The heraldry of Clan Mantis hung in the breeze of the throne room, her swords and knives wreathed around the skull of the wolf. The wolf...

“I never wanted children, Alkor. Kaden and I got pregnant by mistake. Kaden was the one who wanted kids, and he’s dead. I look at Adara and wonder at how badly I created her. I see her eyes and watch her play and feel… next to nothing. If Kain’ik didn’t have such a firm hold on raising her, she’d be calling the nannies ‘Mommy’.” Running her hand on the back of her neck, Yasha sighed through her nose.

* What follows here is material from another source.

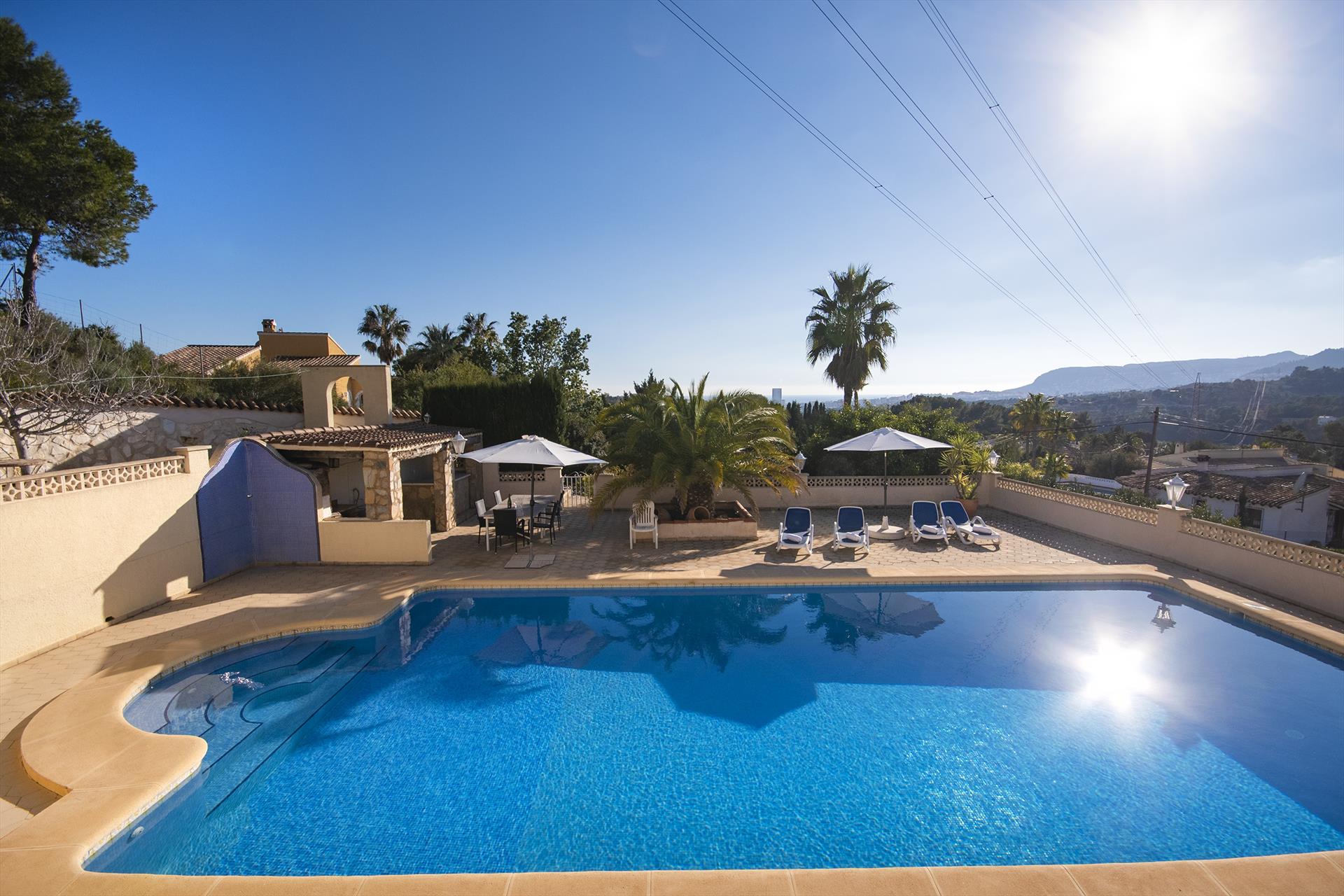 Villan har 3 sovrum och 2 badrum. Boendet erbjuder avskildhet, en trädgård med träd, en stor härlig pool, fantastisk utsikt över havet samt vackra vyer över bergen och staden. Dess komfort och närhet till stranden, sportaktiviteter, underhållningsfaciliteter, sevärdheter och kultur gör detta till en idealisk villa för att tillbringa semestern i Spanien med familj eller vänner.

“But Ember? He’s likely to take one look at Adara and send her back to death. All I have to do is see Shia’s fear of Adara to know the Nightfather would destroy her as soon as look at her. I still can’t do it. Something keeps holding me back from letting Shia and Ember have their way with the girl’s condition. I feel dumb, like a Shatual stunned by my hammer. My heart beats strangely, when I hold her, when she hugs me… I can barely consider a day without that little girl in my arms. There was a comfort in knowing that Carnifex had the solution. There’s a peace to it… it would befit my life if that peace was also a sham.”

Yasha attempted to smirk, heaving a large sigh and leaning against the back of the dais step.

“We’re going to lose a lot of Mandalorians by breaking with the Sith… the battles will be worthy of Kad Haran’gir… you are willing to fight them with me… are they?”